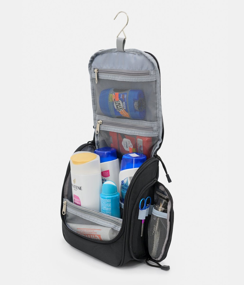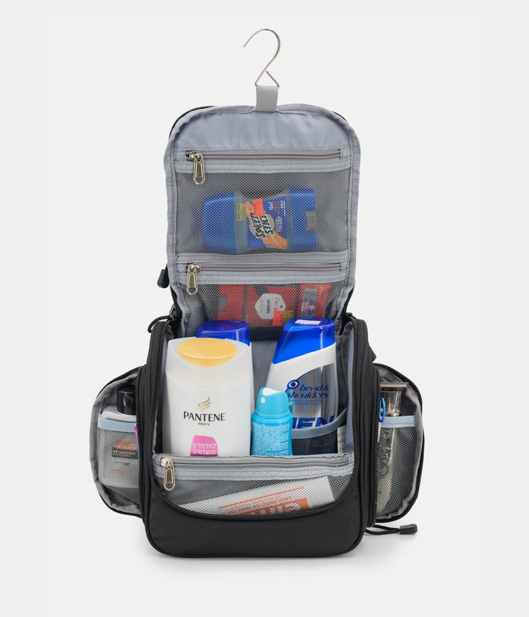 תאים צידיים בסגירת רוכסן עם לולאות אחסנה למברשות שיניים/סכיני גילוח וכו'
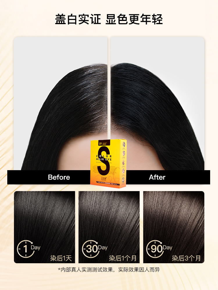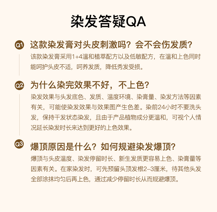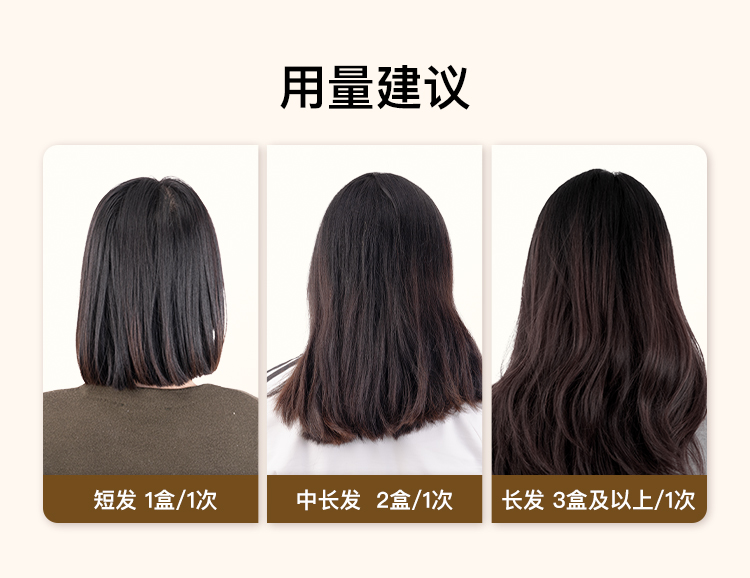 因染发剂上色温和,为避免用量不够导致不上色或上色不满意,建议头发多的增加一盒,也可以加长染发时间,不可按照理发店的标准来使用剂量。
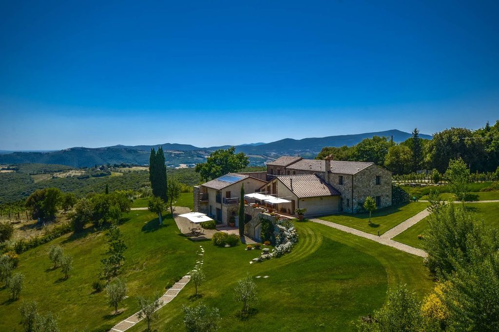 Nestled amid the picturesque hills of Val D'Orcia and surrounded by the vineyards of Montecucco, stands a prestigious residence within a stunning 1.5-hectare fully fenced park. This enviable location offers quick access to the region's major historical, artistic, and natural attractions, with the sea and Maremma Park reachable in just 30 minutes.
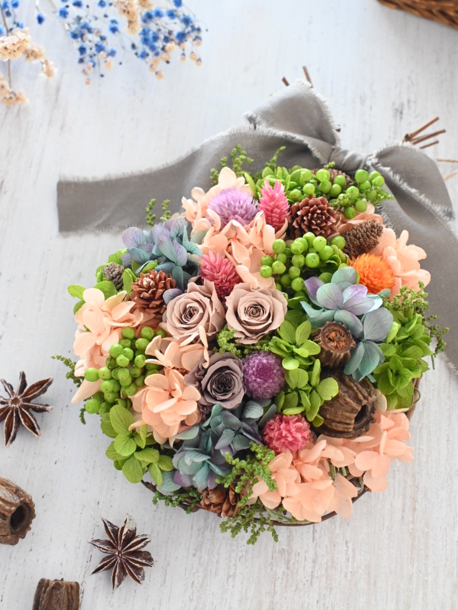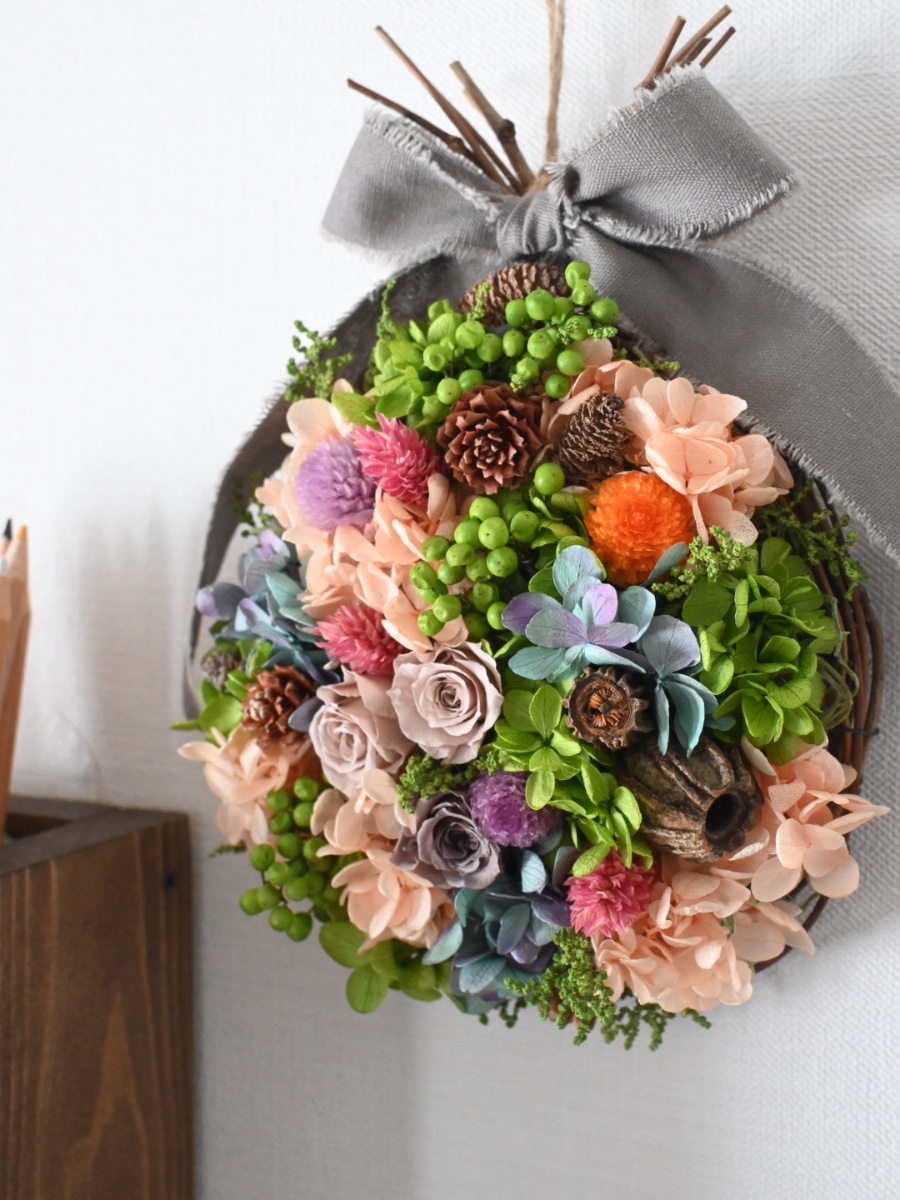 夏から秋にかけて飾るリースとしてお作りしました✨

* * *

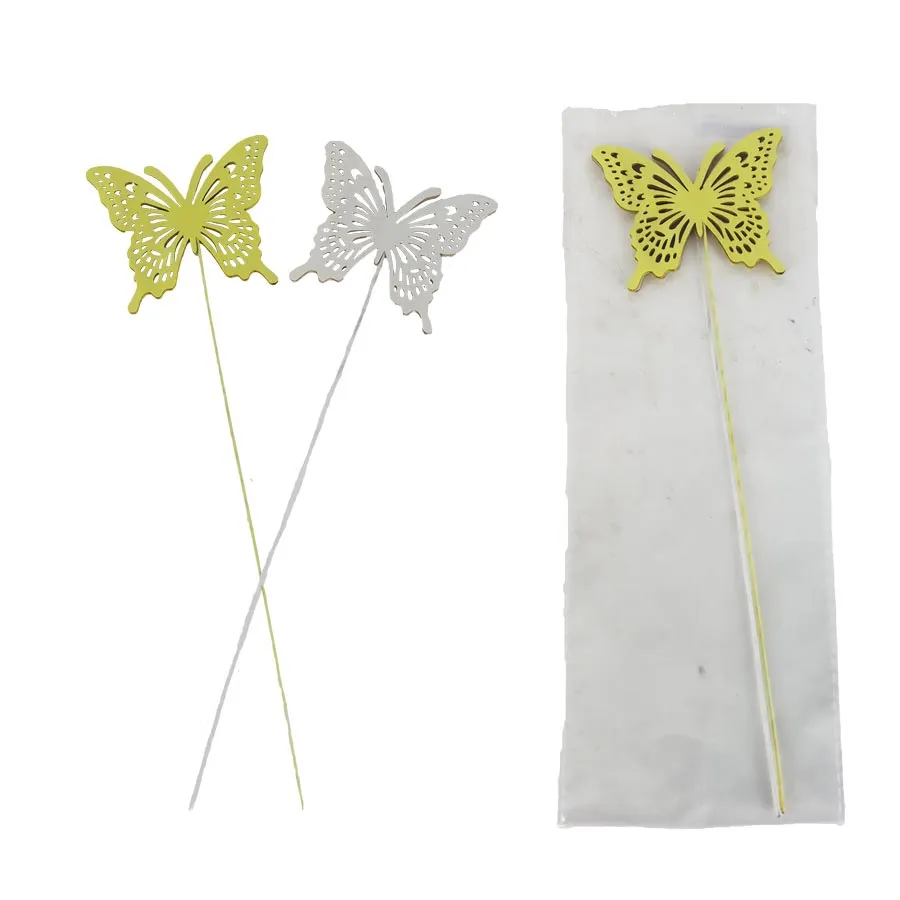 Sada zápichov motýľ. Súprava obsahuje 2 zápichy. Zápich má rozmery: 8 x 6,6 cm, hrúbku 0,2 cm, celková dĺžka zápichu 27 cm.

...

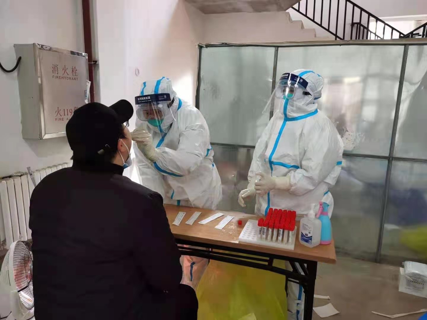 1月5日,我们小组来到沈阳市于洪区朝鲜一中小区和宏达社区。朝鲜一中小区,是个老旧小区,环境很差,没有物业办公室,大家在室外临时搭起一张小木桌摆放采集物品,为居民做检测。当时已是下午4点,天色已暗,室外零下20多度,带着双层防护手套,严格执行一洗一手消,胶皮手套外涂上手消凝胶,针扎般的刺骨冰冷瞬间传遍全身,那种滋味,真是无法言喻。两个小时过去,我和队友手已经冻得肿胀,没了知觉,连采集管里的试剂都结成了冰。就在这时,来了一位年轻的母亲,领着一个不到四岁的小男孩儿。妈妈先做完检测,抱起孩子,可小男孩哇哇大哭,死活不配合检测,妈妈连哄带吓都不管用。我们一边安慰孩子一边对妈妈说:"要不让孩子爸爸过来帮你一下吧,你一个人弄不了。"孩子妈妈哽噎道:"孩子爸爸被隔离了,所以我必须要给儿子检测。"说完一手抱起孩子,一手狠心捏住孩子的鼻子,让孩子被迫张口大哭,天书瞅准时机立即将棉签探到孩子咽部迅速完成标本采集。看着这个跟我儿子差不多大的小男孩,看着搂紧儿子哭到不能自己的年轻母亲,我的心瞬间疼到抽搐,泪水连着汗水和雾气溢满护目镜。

WORK REQUEST → Your output should be the lines above from the one that contains "因染发剂上色温和,为避免用量" through the one that contains "夏から秋にかけて飾るリースとしてお作りしました✨", word for word, with pictures left out.

EXERCISE SOLUTION →
 因染发剂上色温和,为避免用量不够导致不上色或上色不满意,建议头发多的增加一盒,也可以加长染发时间,不可按照理发店的标准来使用剂量。
 Nestled amid the picturesque hills of Val D'Orcia and surrounded by the vineyards of Montecucco, stands a prestigious residence within a stunning 1.5-hectare fully fenced park. This enviable location offers quick access to the region's major historical, artistic, and natural attractions, with the sea and Maremma Park reachable in just 30 minutes.
 夏から秋にかけて飾るリースとしてお作りしました✨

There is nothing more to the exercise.